Se metió en la cama agotada físicamente pero liberada en lo anímico. Mañana a esta hora todo habrá pasado, se dijo a sí misma justo antes de apagar la luz.
La jornada maratoniana tuvo un doble efecto en Laura. Por un lado facilitó el rápido acceso a un sueño aparentemente reparador. En contra de su costumbre, Laura se despertó para ir al baño a orinar a media noche. Evitó el tener que encender la luz para no despertarse el rato que permaneció dentro del lavabo. Una vez acostada de nuevo cerró los ojos, convencida del sosiego que sentiría al perder de nuevo la consciencia.
Lo que en condiciones normales solía ser un periodo de descanso reconfortante se tradujo en una escena como mínimo inquietante. Pese a que era mediodía, el sol perdía fuerza de manera inexorable. Ella acababa de aparcar el coche entre dos árboles, junto a un parque verde. Comenzó a andar por el camino, pero en lugar de pasear por el campo optó por una opción insólita. Frente a los jardines había un edificio de tres alturas, dotado de hermosos detalles arquitectónicos que le hicieron sospechar que no se trataba del clásico bloque de viviendas. Sin duda no se trataba de un bloque de viviendas cualquiera. Tras cruzar el umbral de acceso observó como el amplio vestíbulo albergaba múltiples salas, todas ellas con un curioso cartel a modo de presentación. Se dirigió hacia su izquierda. A escasos metros de la primera vio lo que había escrito en la cartulina allí expuesta. Junto a una foto sugerente leyó un nombre. Perla Bustos. Se dio cuenta de cómo salían algunos de aquella estancia. Andaban callados, con cara de enorme tristeza. Incluso lloraban desconsoladamente los más afligidos.
Continuó deambulando, aproximándose hasta la siguiente habitación. A dos metros del cartel se detuvo a ojearlo. Esta vez no había foto, pero el nombre si le llamó atención. Laura Vela. Decidió entrar con prudencia. De forma rectangular, probablemente mediría cerca de cien metros cuadrados. Había muchos asientos vacíos y diez o doce personas de pie, junto a una ventana.
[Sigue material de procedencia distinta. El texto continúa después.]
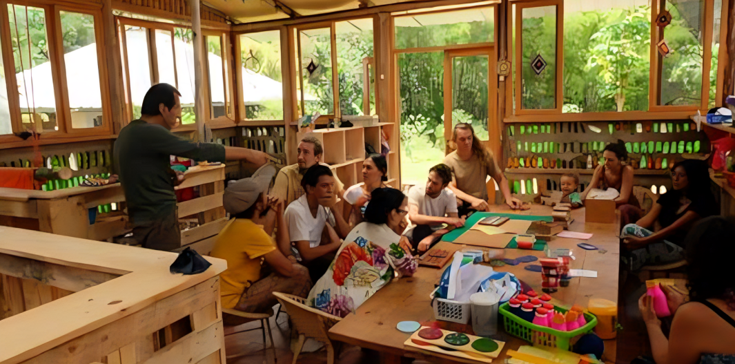 Visitamos aulas abiertas, espacios comunes y proyectos en marcha. Ideal para una primera aproximación a la ecoaldea.
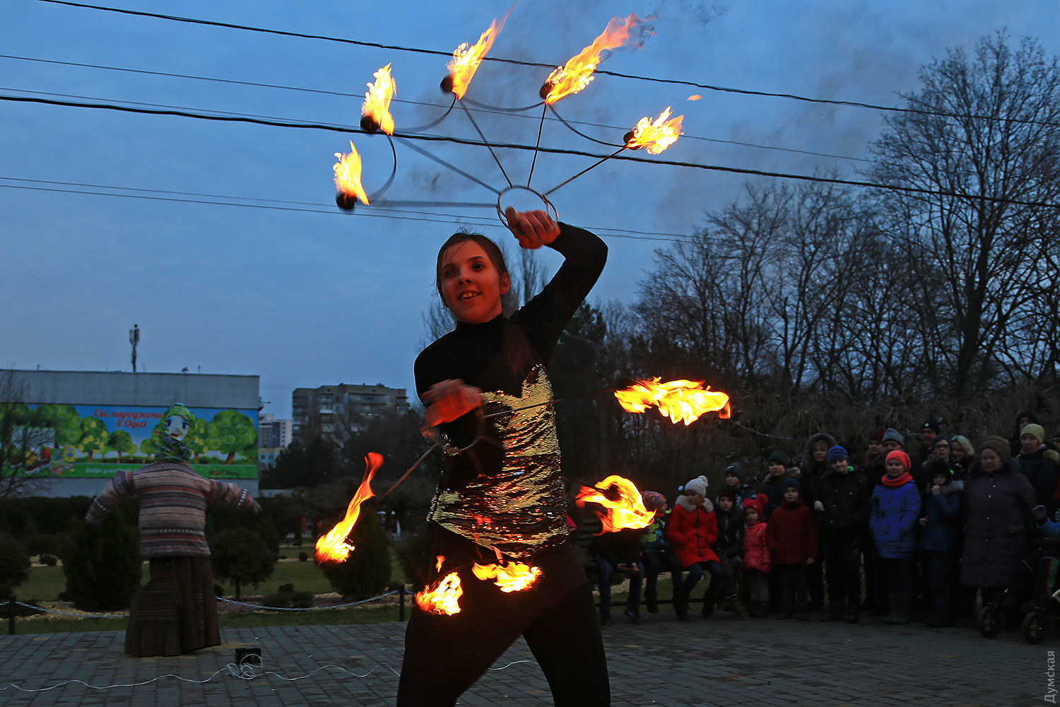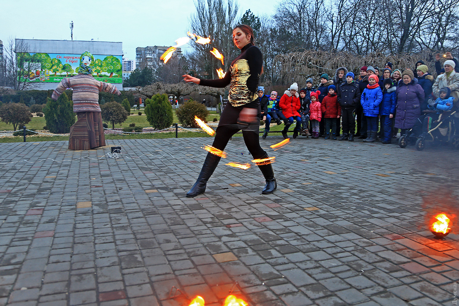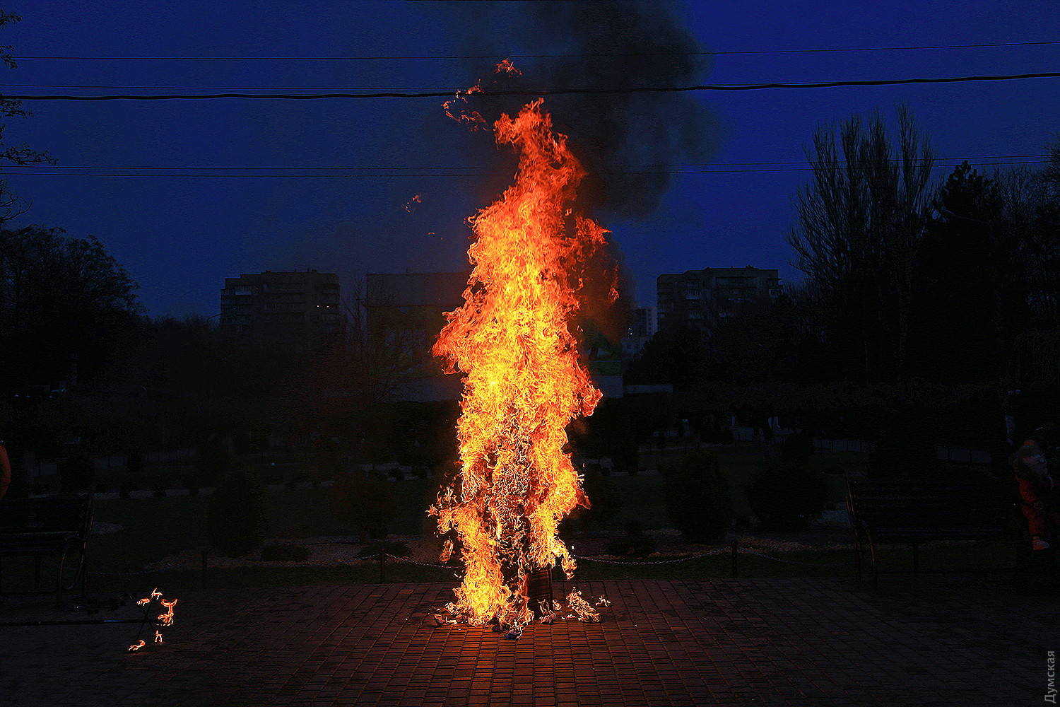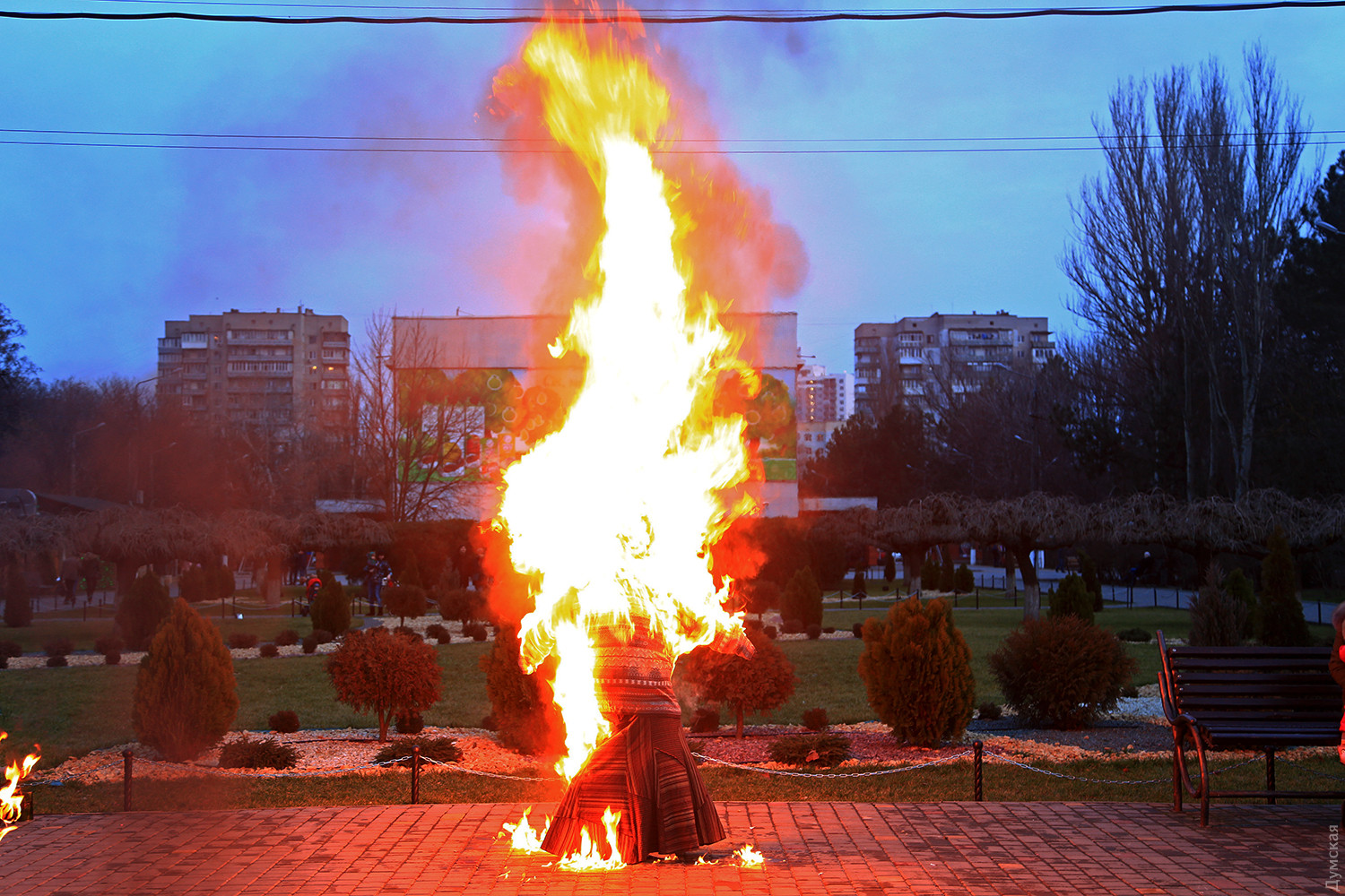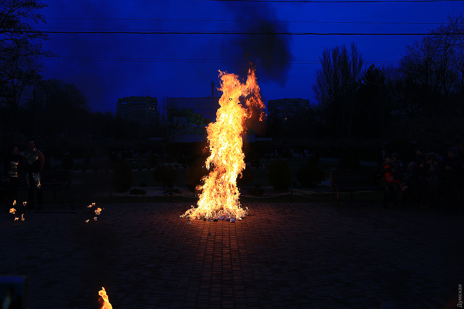 Сегодня вечером в одесском парке имени Горького проводили Масленицу. При большом стечении публики там провели старинный восточнославянский обряд — сожгли соломенное чучело зимы. Корреспондент «Думской» присутствовал на действе. Перед собственно сожжением было фаер-шоу, давшее много черного дыма. Потом заготовленное чучело облили горючей смесью и под вопли толпы подожгли. Все завершилось буквально за минуту. Фото Сергея Смоленцева СМЕРТЬ РОСІЙСЬКИМ ОКУПАНТАМ! Помітили помилку? Виділяйте слова з помилкою та натискайте control-enter |

Se fue acercando de manera resuelta hacia el cristal que se ubicaba junto a la otra puerta. Aprovechó la conversación mantenida por el reducido grupo para entrar en el cuarto. Se detuvo a medio metro de un féretro ocupado por una mujer de mediana edad. Ocupado por Laura Vela. Ocupado por ella misma. No sintió nada parecido a la congoja al verse tumbada en el interior del ataúd, con la cara más plácida que recordaba haberse visto. Continuó medio minuto dentro de la pequeña estancia hasta que decidió salir.
Lo que de primeras le pareció una mínima cantidad de gente reunida ahora se había transformado en un notable colectivo de sujetos en acto de presencia. De un rápido vistazo reconoció a su hermano. Paradójicamente, Carlos estaba sentado junto a la entrada, en solitario, interpretando el papel residual de un ambiente indolente en exceso. Sin embargo, él lloraba desconsoladamente. Nadie le prestaba el más mínimo interés, ni le decía nada para consolarlo. Ella se acercó poco a poco hasta él, con ganas de abrazarle y aliviar su pena. Pero en contra de lo que hubiera deseado, Carlos no reparó en su presencia.
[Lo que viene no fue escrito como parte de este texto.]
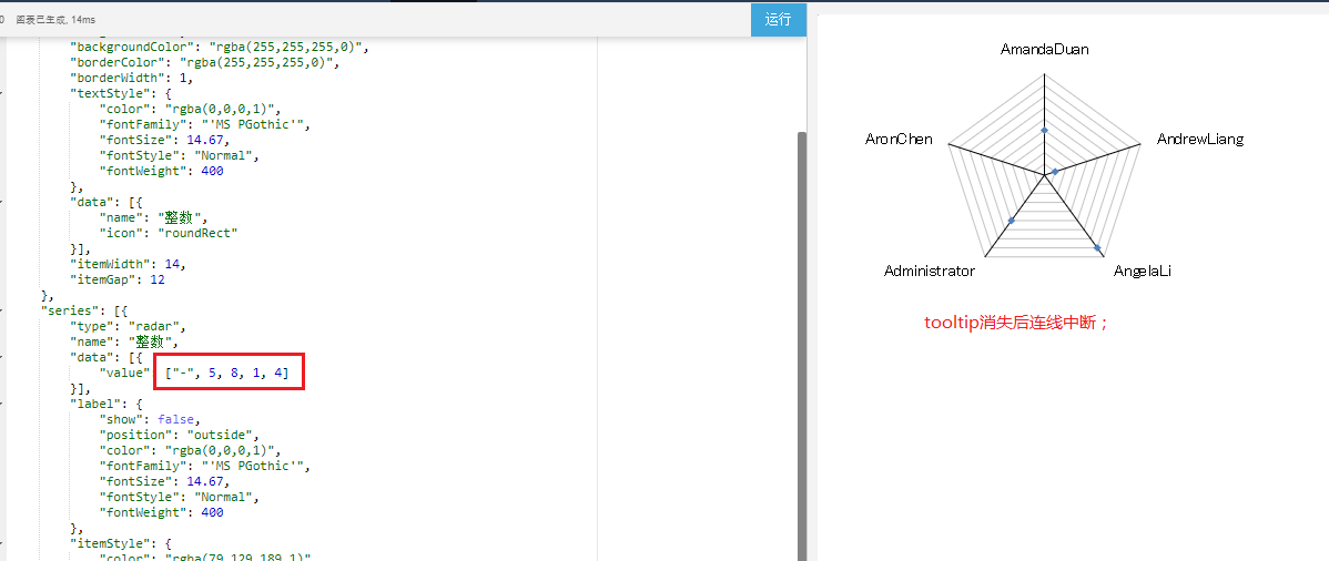 雷达图中的数据是 ["-", 5, 8, 1, 4],其中“-”处于第一位和中间位置时表现不一致,当“-”处于数组第一位时,tooltip消失后连线消失了。

A medio camino entre el ataúd y su hermano se detuvo cuando observó cómo entraba un hombre que le resultó especial. Alto. Muy alto. Pero también barbudo y andrajoso. De repente vio cómo se unía a su hermano en un cariñoso abrazo. Era Javier. Fue el único que le prestó la debida atención. Javier tampoco se percató de su presencia, a pesar de hallarse a escasos metros de distancia. Cansado de estrujar con sus brazos a Carlos entre lloros, Javier se adentró en la habitación donde yacía el cadáver.
Si algo hizo que Laura se despertara de inmediato, sudando, producto del susto final de aquel sueño no fue otra cosa más que el grito descomunal y desgarrador con el que Javier rompió su quietud. Laura se levantó de la cama, con una viveza incontenible, presa de la taquicardia. Extrañada y asustada. Muy asustada.
Faltaban minutos para llegar a las cinco de la mañana. En el lavabo Laura se mojó la cara a discreción, tratando de salir del aturdimiento que le había generado aquella inverosímil situación presenciada sin querer, con los ojos cerrados.